No stranger to orchestras across Canada, the prolific composer has heard her creations played by the Toronto, Winnipeg, and Vancouver symphony orchestras, Gryphon Trio, James Campbell, Shauna Rolston, the Cecilia and Afiara String Quartets, and Judy Loman. Her music has been interpreted by such renowned conductors as Sir Andrew Davis, David Brophy, Bramwell Tovey, and Mario Bernardi in such iconic concert halls as Carnegie Hall, the Mozarteum in Salzburg, and the National Concert Hall in Dublin.

Murphy was born on a NATO base in Sardinia, Italy, and grew up on Canadian Armed Forces bases all across Canada — not the usual training squad for a budding musician. “To have music as the core of my whole life, no matter where we moved, whether a radar base outside of Saskatoon or a NATO base in Italy, music is what held me together. The piano lessons and later the voice lessons, that was my world,” said Murphy.

She began her studies in composition at the University of Calgary with William Jordan and Allan Bell, and later received a PhD in composition from the University of Leeds, England, where she studied with Philip Wilby. After living and working for many years in the Washington D.C. area — where she was designated “an alien of extraordinary ability” by the US Immigration and Naturalization Service — she is now based in Ottawa.
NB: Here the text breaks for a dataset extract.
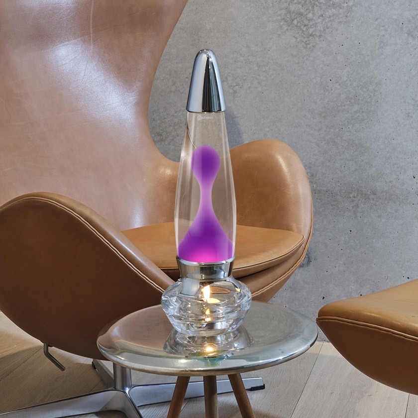 Evo is the largest in our unique range of candle-powered lava lamps. It works with regular tea lights, and we include three in the gift box. Evo has no wires and can be placed anywhere in the home. Evo is made of clear cast glass and chromed cast metal.
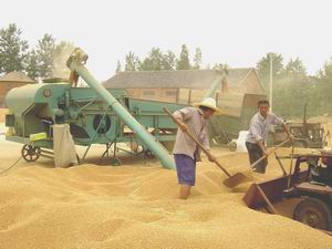 在今年午收工作中,大壙圩農場職工賣糧普遍感到 既輕松又省事,他們從內心里感激農場領導為他們 又做了一件大好事。+以往每年一提到賣糧,家庭農 場職工總是憂心忡忡,一愁雇工難,花費大。二愁 工作量大。賣糧時,先是人工打包、上車,交售時 還要扛包、卸包,其中有很多是重復勞動,費時費 力。為了改變這種現狀,農場領導想職工之所想, 經多方考察,決定投資進行技術改造。農場投資5萬 多元,給8個農業分場共配置了8臺清糧機和16臺糧 食升運機。這樣一來,家庭農場職工在場頭只需做 一些簡單的輔助勞動,就可以將糧食輕松地輸送到 帶有自卸裝置的運輸車上,運往交售地點,過完地 磅,即完成交售任務,免去以往裝包、縫包、扛 包、卸包等繁瑣的勞動。交售的糧食經過清選,既 可以保證質量,提高糧食等級,又可以清除雜質, 減少運輸費用。通過抓場頭技改,使職工賣糧不僅 省工省力,而且大大節約了成本。據測算,僅此一 項午季全場可節本15萬多元。(楊朝幸)

Kelly-Marie Murphy’s new work, a double concerto for cello and harp, explores Sephardic music and how it had an impact other cultures as the diaspora settled in Morocco, Tunisia, and parts of Europe. “What fascinates me is how music travels and how it can subtly influence cultures throughout its journey,” says Murphy, noting that there is also a Sephardic community in Amsterdam. She will draw from Sephardic folk and liturgical melodies for the new concerto, building on this source material as “a respectful attendant and contributor to a vibrant, living culture.”

“The first time, I was terrified by the proposal documents,” said Murphy of the application process. “This time, I asked my daughter’s singing teacher, who is Sephardic, and she gave me tons of material. I found it just fantastic. It speaks to everything that music has been in my life. It’s about reality, life stories, melodies, rhythmic, this blending of cultures and tradition.”

Jury member composer Ana Sokolovic adds, “Kelly-Marie Murphy is one of our best-known Canadian composers. Her work is honest, direct, and of great competence. We are confident that she will give us a work that is worthy of the Prize.”